To illustrate that our method is quite general, we also tested the predictions on a two neuron Wang and Buzsáki network identical to the one used in Figs. 8 and 9 except that E_syn was changed from −75 mV to 0 mV to represent an excitatory rather than inhibitory synapse. Because the membrane potential in a free-running model neuron spends much more time near −75 mV than near 0 mV, the driving force for excitation is much stronger than for inhibition. Therefore a smaller conductance value (g_syn = 0.04 mS/cm²) was chosen for this example. The use of excitation rather than inhibition prevents the appearance of the leapfrog modes in which the firing order switches (7,26), so the picture is simpler. Using the same range of intrinsic frequencies as in the inhibitory examples produced only 2:1 locking. The Wang and Buzsáki model neuron used in this study has Type I excitability (27), which produces Type I phase resetting (28) in which inhibition produces only delays and excitation produces only advances. The amount of advance that excitatory coupling can produce is limited by causality. That is, an input cannot cause a spike to occur before the input is presented, so the total advance cannot exceed P_i(1 − ϕ). The delays produced by inhibition are not limited; hence delays can produce larger changes in the period of the slower neuron that receives multiple inputs per cycle. These larger changes led to up to 5:1 lockings for inhibition but only 2:1 for excitation (Fig. 11).

Figure 11.

Accurate prediction of 2:1 locking band in two neuron network with excitation. The parameters were the same as in Figs. 8 and 9 except E_syn = 0 mV and g_syn = 0.04 mS/cm². Two to one lockings are indicated in red. For completeness, 1:1 lockings are shown in gray. (A) Predicted. Modes were predicted directly from the PRCs using the existence and stability criteria. (B) Observed. The solution to the differential equations were run until the transients dissipated (1 s) and locked modes were identified by the periodic repetition of intervals. The agreement between predicted and observed is excellent.

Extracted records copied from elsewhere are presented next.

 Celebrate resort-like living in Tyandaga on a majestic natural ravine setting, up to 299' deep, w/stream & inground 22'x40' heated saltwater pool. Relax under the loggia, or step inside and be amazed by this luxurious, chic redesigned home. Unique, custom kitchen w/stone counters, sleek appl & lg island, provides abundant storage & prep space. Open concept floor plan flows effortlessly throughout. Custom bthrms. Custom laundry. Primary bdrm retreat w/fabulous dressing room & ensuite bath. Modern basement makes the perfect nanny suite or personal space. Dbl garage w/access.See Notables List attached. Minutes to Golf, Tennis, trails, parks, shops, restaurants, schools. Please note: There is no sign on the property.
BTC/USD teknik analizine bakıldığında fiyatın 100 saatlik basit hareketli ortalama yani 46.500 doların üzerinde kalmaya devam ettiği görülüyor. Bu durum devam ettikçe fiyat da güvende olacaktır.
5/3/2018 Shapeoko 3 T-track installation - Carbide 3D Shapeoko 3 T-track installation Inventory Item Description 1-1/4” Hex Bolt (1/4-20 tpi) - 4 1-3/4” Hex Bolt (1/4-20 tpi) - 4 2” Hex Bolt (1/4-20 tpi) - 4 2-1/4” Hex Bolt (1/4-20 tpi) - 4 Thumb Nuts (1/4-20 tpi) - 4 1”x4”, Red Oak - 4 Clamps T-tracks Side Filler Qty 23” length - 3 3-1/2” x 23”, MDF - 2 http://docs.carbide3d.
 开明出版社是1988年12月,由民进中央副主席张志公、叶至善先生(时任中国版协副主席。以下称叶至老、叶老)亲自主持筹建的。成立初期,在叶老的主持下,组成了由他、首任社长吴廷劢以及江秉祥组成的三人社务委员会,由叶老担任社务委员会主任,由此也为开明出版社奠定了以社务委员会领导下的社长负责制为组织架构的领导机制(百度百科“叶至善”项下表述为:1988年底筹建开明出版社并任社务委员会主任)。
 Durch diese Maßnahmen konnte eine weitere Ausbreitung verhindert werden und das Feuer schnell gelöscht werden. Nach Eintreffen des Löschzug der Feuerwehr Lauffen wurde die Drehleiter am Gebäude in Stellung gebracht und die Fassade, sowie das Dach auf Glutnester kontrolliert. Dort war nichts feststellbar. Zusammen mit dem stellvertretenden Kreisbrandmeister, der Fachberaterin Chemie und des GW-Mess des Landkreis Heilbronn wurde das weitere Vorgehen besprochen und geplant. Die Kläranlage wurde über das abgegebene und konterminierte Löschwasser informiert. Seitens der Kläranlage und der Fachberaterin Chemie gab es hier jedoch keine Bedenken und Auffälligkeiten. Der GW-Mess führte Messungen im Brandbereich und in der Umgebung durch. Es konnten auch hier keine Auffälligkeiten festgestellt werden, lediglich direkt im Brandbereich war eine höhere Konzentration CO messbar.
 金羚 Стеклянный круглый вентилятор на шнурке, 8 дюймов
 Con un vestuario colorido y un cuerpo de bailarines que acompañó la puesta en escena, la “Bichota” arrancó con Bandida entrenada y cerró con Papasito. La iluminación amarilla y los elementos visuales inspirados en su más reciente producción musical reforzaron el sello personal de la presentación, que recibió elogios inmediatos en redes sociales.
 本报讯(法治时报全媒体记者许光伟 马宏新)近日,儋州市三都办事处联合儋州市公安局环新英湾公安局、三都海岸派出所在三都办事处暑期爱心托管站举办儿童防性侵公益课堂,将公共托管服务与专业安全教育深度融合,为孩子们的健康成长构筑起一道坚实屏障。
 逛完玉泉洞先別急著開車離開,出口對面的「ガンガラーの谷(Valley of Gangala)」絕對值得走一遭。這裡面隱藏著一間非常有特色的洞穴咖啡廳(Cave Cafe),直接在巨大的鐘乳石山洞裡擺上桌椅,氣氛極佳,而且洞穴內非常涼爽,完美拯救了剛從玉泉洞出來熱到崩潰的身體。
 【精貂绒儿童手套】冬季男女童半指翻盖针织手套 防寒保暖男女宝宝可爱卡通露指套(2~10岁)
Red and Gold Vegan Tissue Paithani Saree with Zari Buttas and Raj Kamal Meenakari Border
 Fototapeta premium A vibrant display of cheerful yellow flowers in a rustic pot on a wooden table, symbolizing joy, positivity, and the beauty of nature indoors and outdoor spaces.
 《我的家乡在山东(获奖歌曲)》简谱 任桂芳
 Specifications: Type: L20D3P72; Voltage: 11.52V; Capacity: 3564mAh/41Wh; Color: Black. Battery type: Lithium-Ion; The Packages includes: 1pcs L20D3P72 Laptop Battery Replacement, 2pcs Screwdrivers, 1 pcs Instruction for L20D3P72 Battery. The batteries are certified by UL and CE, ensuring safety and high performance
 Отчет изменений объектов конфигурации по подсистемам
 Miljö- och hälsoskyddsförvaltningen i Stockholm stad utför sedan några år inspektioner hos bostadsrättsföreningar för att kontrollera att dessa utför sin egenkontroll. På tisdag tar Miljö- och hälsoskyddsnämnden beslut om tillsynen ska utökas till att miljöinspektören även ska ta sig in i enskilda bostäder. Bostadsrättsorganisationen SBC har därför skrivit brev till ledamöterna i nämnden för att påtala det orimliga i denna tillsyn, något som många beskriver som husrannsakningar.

Prediction of locking between populations

Harmonic N:1 locking in the nervous system is likely to be manifested in populations of oscillators. Achuthan and Canavier (29) suggested a method recently for applying phase resetting tools to predict clustering of oscillators. The basic idea was to treat interactions within a cluster separately from interactions between clusters. For an illustrative example, we examine one slow synchronous cluster of two neurons and one faster synchronous cluster of two neurons. Because the Wang and Buzsáki model neurons used in this study synchronize readily with inhibition (7), we chose inhibitory connections with g_syn = 0.025 mS/cm² for the within-cluster synapses. We make the assumption that if two such neurons coupled by excitation would lock in an N:1 mode, so will the two clusters. Because each neuron receives two synaptic inputs from the other cluster (one from each neuron) the effective conductance that each neuron sees from the other cluster is twice the conductance of an individual between-cluster synapse. We set the individual between-cluster excitatory synapses to 0.02 mS/cm² for a total between-cluster conductance of 0.04 mS/cm², and picked the intrinsic frequencies for the two clusters by choosing a value in the center of the red 2:1 locking band in Fig. 11, with an intrinsic frequency of 35.3 Hz for the slower cluster and 94.3 Hz for the faster cluster, corresponding to I_app values of 0.55 and 1.8 μA/cm². We then used our PRC methods to predict a locking between one slow and one fast neuron coupled by the effective between-cluster conductance 0.04 mS/cm² (see Fig. 12 A and Pervouchine et al. (30)), and applied that prediction to the network. The PRC-based prediction method identified a stable 2:1 mode in which the synchronous firing of the slow cluster occurred in the middle of a cycle of the fast cluster, followed 4.89 ms later by the synchronous firing of the fast cluster, by another firing of the fast cluster 10.64 ms later, followed by the next firing of the slow cluster 4.29 ms later. When the full system of differential equations was integrated (Fig. 12 B), a locking was observed with the corresponding intervals of 4.89, 10.64, and 4.25 ms, which is a very good match.

Figure 12.

Prediction of population locking. (A) A four neuron network with two clusters of neurons with different intrinsic frequencies. Each cluster is indicated inside a box. The within cluster connections are inhibitory (solid circles) and the between cluster connections are excitatory (open triangles). Each cluster is collapsed into a single oscillator representing the cluster. (B) The example chosen shows 2:1 locking as predicted. The traces of the neurons in the fast (solid lines) and slow (dashed lines) cluster are indistinguishable.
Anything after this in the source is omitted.